1951 bewiesen die zentristischen Positionen des 3. Weltkongresses zu Stalinismus und Jugoslawien sowie die allgemeinen Perspektiven mit ihrer Bürgerkriegserwartung ohne jeden Zweifel, daß ein programmatischer Zusammenbruch der IV. Internationale stattgefunden hatte. Außerordentlich bedeutend war, daß keine einzige Sektion gegen die Jugoslawien-Resolution, ein Grundpfeiler für alle anderen Fehler, stimmte. Die IV. Internationale war als ganze in den Zentrismus abgestürzt. Seither lautete die Aufgabe für Trotzkisten die Wiedergründung einer leninistisch-trotzkistischen Internationale auf einem wiedererarbeiteten Programm des revolutionären Kommunismus. Manöver zur Ersetzung der Führung der IV. Internationale waren völlig unzureichend. Die programmatische Grundlage mußte geändert werden. Auf welche Art das Anfang der 50er Jahre hätte vonstatten gehen können, ist spekulativ. Ausschlaggebend für uns ist, daß es nicht geschah. Die historische Kontinuität des Trotzkismus wurde zertrümmert, was bezeugt wurde durch Pablos Ausnutzung der Kongreßdokumente auf dem 10. Plenum des internationalen Exekutivausschusses im Februar 1952, womit er den "Entrismus sui generis" einführen konnte.

Die Opposition 1952-1953 in den USA, Britannien und Frankreich war subjektiv gewillt, sich gegen Pablo zu stellen. Doch sie darf nicht nach ihren Impulsen, sondern muß nach ihrer Politik beurteilt werden. Ihre "Orthodoxie" war steril und basierte auf einem Nachkriegsrevisionismus, dessen Auslöser die jugoslawischen Ereignissen waren, und war kein authentischer Trotzkismus. Beide Komponenten der Spaltung von 1953 können nicht als "Traditionswahrer" des Trotzkismus anerkannt werden. Beide waren Zentristen.
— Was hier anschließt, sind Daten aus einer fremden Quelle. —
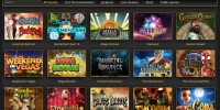 Простой темный фон, изящные золотые элементы дизайна, крупные рекламные баннеры через всю главную страницу, многочисленные яркие логотипы игр, удобное меню – вот чем с первого взгляда привлекает оформление рассматриваемого портала.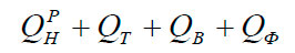 В каждой части котла имеются свои потери теплоты в окружающую среду. Общая потеря теплоты на охлаждение котла – Q5 является суммой частных потерь: в топке, испарительной части котла, пароперегревателе и экономайзере: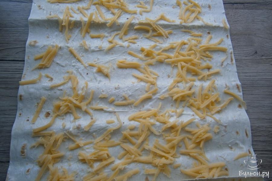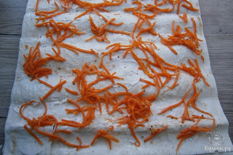 5. Далее, накрыть все третьим лавашом, который смазать майонезом, выложить морковку, приготовленную по-корейски.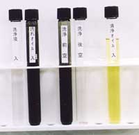 オイルと大変優れた相溶性があり、麻酔性があります。人間では発ガンの発症例は報告ありませんが、ラットに大量に吸引させると発がん性ありとされています。そのために充分注意する必要があります。検索ワード(メチクロ発がん性)で沢山の報告があります。 放出規制値は、大気50mg/m3 排水では0.2mg/Lと規制されています。 再生は自分でも蒸留することもできます。新機は蒸留器を付備いたしました。100%回収可能です。新機では全ての溶剤メチクロを真空ポンプ〜冷却コンデンサーで回収できる構造です。 ドライ式ダイヤフラム真空ポンプで吸引液化回収されます。特別産業廃棄物ですので、これも溜めておいて各都道府県公認の専門業者に委託します。または自分で蒸留再生します。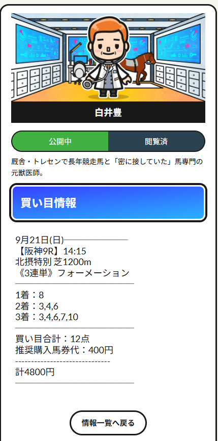 白井さんもその手の人で馬専門の獣医として第一戦で活躍していた人みたいで馬体を見てある程度予想が出来るみたいです。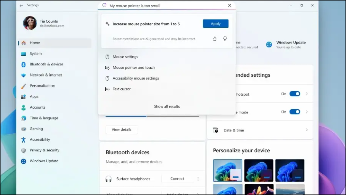 - With user approval, the agent applies the adjustment—such as resizing the mouse pointer, enabling voice control, or toggling accessibility features—without requiring the user to navigate deeper into menus.
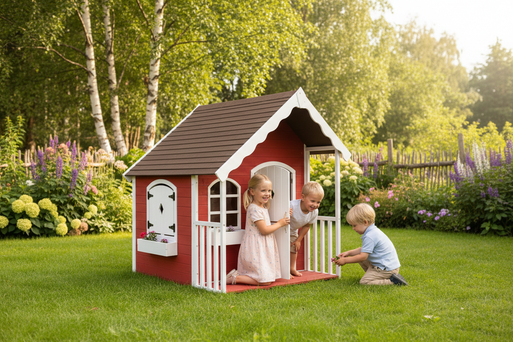 Nordic Play legehus - Fuldmalet i flot rød farve og med hvidemalede detaljer!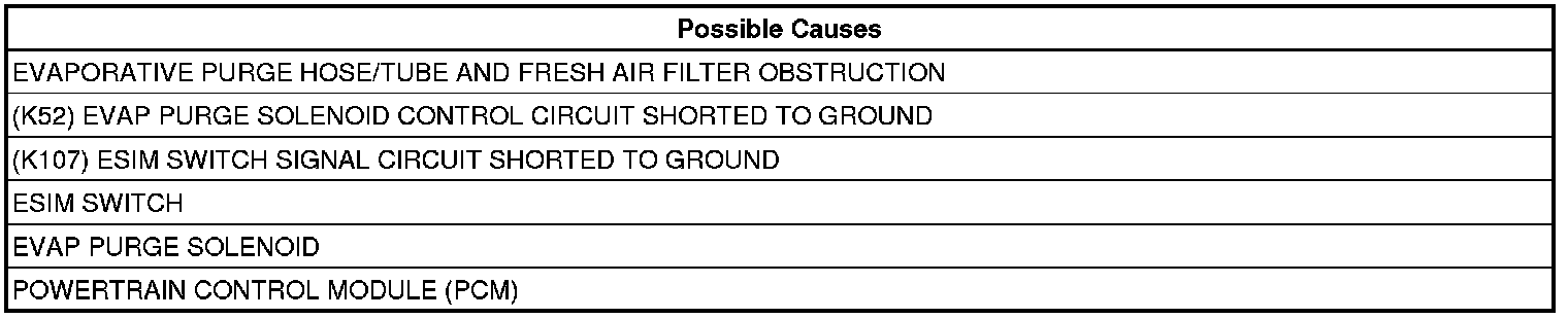 - Repair the short to ground in the (K52) Evap Purge Control circuit.
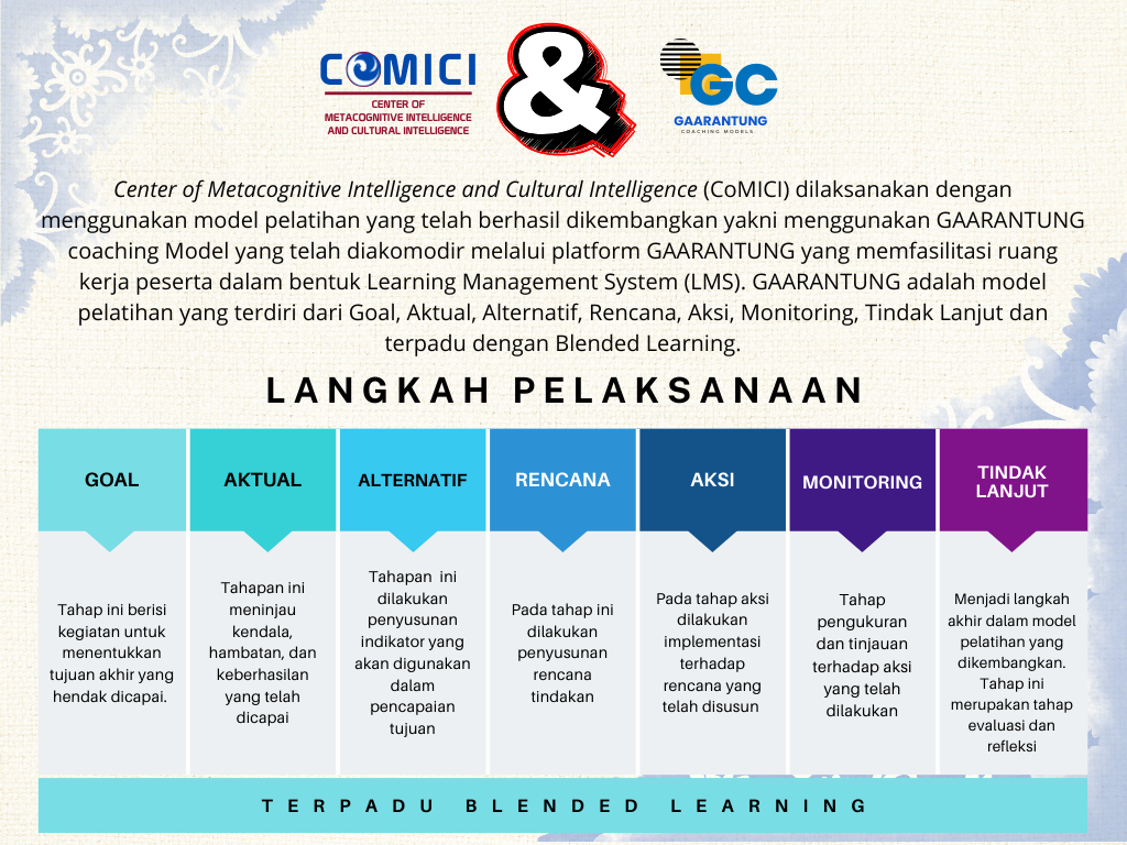 Sejak berdirinya, CoMICI telah melaksanakan berbagai kegiatan melalui kerja sama dengan Kelompok Kerja Kepala Sekolah (K3S) Kabupaten Bengkayang yang meliputi pendampingan managerial skills bagi kepala sekolah dasar di Kabupaten Bengkayang, pendampingan pembelajaran STEM bagi kepala sekolah dan guru-guru sekolah dasar, optimalisasi komunitas belajar, pendampingan pembelajaran berdiferensiasi, penyusun strategi dan media ajar, pengelolaan sistem pendidikan di lingkup sekolah dan perguruan tinggi, hingga menjadi tim perumusan instrumen tes untuk seleksi perangkat desa. Seluruh kegiatan dirancang untuk meningkatkan kompetensi kepemimpinan, pengelolaan, dan strategi berbasis kecerdasan metakognitif dan kecerdasan budaya. Diseminasi ini dilakukan tidak hanya melalui tatap muka fisik, melainkan juga secara tatap maya yang diakomodir melalui platform GAARANTUNG yang memfasilitasi ruang kerja peserta dalam bentuk Learning Management System (LMS). GAARANTUNG merupakan sebuah coaching model yang telah berhasil dikembangkan dan merupakan model yang akan digunakan dalam kegiatan CoMICI.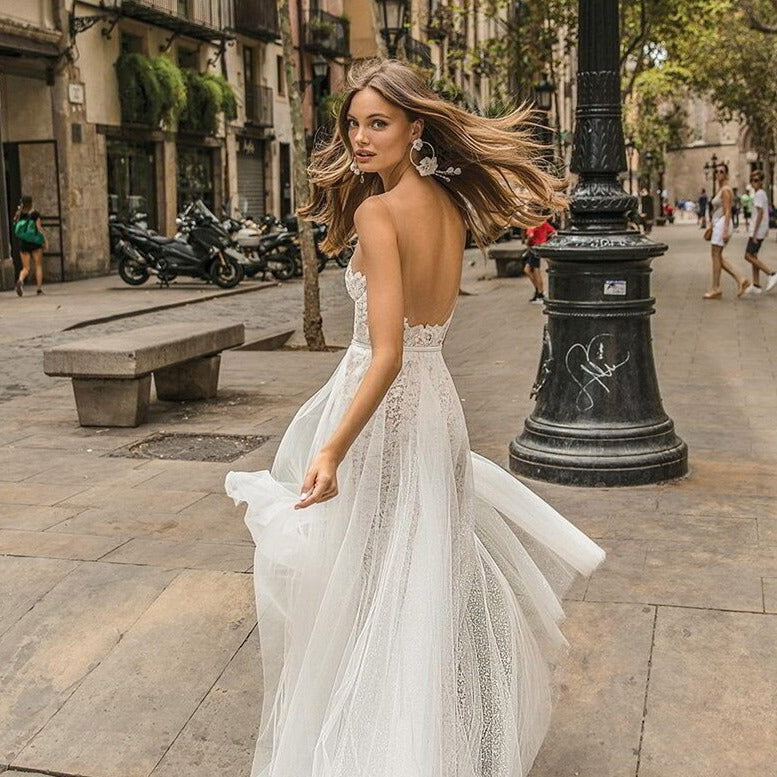 Experience timeless elegance on your special day with the Robe Riley. This beautiful bridal gown features delicate lace that adds a touch of chic to your look. With its classic design and luxurious details, this robe is sure to make you feel confident and radiant as you walk down the aisle.
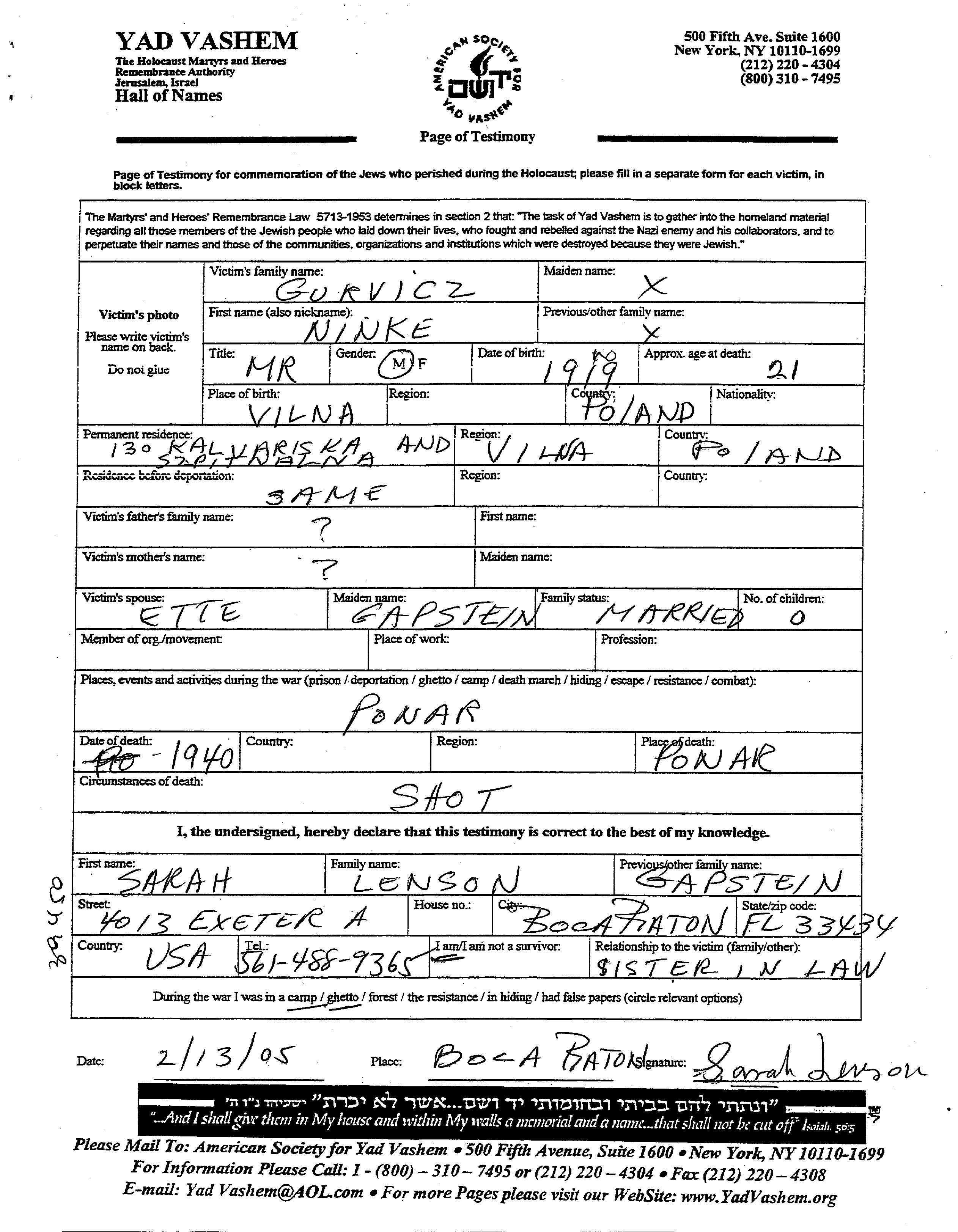 Ninke Gurvicz wurde im Jahr 1919 in Vilna, Polen geboren. Er war mit Ette, geb. Gapstein Verheiratet. Vor dem Zweiten Weltkrieg lebte er in Vilna, Polen. Während des Krieges war er in Wilno, Polen.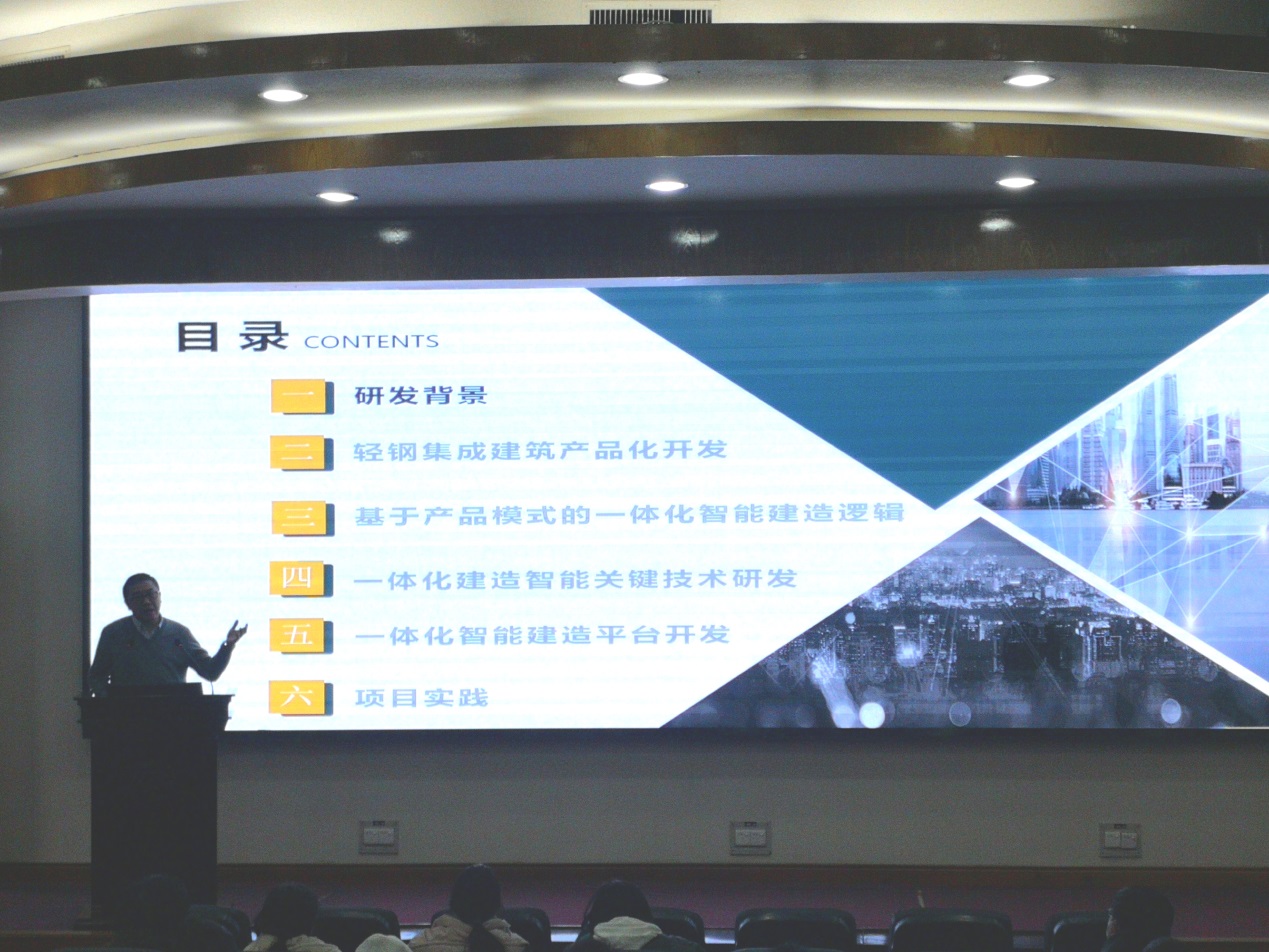 讲座中,李元齐教授通过精准的数据与直观的图示具体介绍了研发背景、轻钢集成建筑产品化开发、基于产品模式的一体化智能建造逻辑、一体化建造智能关键技术、一体化智能建造平台开发及相关的项目实践等方面阐述了建筑一体化智能建造技术的发展前景,讲座结束,李元齐教授解答了师生们提出的各种问题。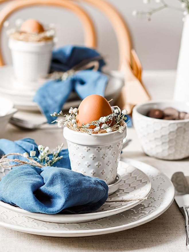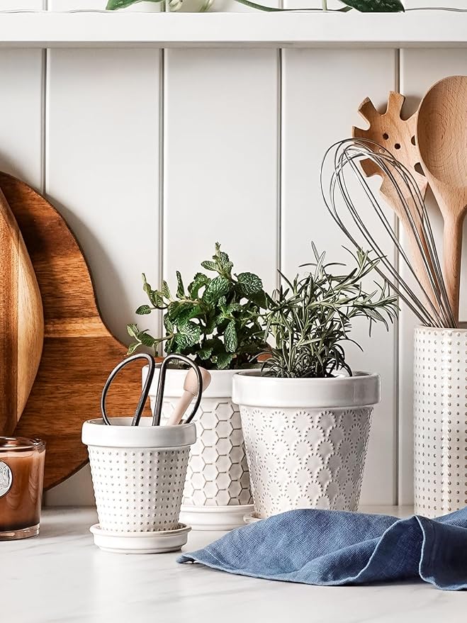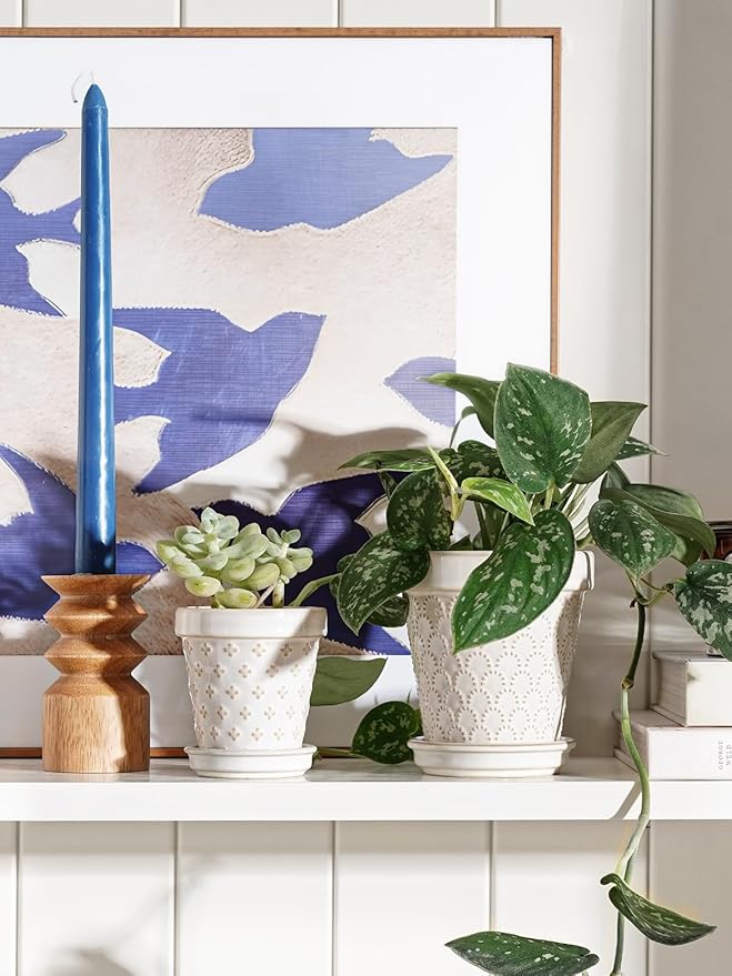 - Elegant & Space-Saving Decor: The beautiful arctic white glaze and raised embossed patterns add a touch of elegance to any small space. Their tiny footprint allows you to decorate areas where larger pots can't fit—on narrow bathroom counters, office cubicles, bookshelves, or as a cute centerpiece on a side table

Das IK entwickelte sich nach rechts, zu sehen bspw. an Healys Arbeit in der Labour Party, und unterschied sich vom IS durch sein Entwicklungstempo. Es schreckte vor den eklatanten Äußerungen des Liquidatorentums von Seiten des IS zurück, aber nicht vor den rechtszentristischen Urkunden, die dem Liquidatorentum erst die programmatische Grundlage verschafften. Deshalb bildete das IK auch keine "linkszentristische" Alternative zum IS.

Das IS ging nach rechts zum Zentrismus und zog die vollkommen logischen Schlüsse aus den Positionen von 1951. Die korrekten Positionen des IK zu DDR und Ungarn hätten die Taktik einer linken Opposition bestimmen können, wenn es sie denn gegeben hätte. Aber sie hätten keinen Einfluß auf ihre Einschätzung des IK gehabt.

Die Orientierungslosigkeit führte nach dem Krieg zum programmatischen Zusammenbruch der IV. Internationale. Nach dem Kollaps der 3. Internationale hielt Trotzkis linke Opposition eine Reformperspektive aufrecht, weil die Komintern eine Massenbewegung hinter sich hatte. Nach dem Zusammenbruch und dem Nichtzustandekommen einer Opposition stand die IV. Internationale ohne Programm und ohne Massenavantgarde da. Die IV. bestand im Gegensatz zur III. Internationale im wesentlichen aus ihrem Programm. Darum sagen wir, daß authentische Trotzkisten nach 1951 ungeachtet aller Taktik ein neues Programm erarbeiten und damit einen neue Internationale aufbauen mußten.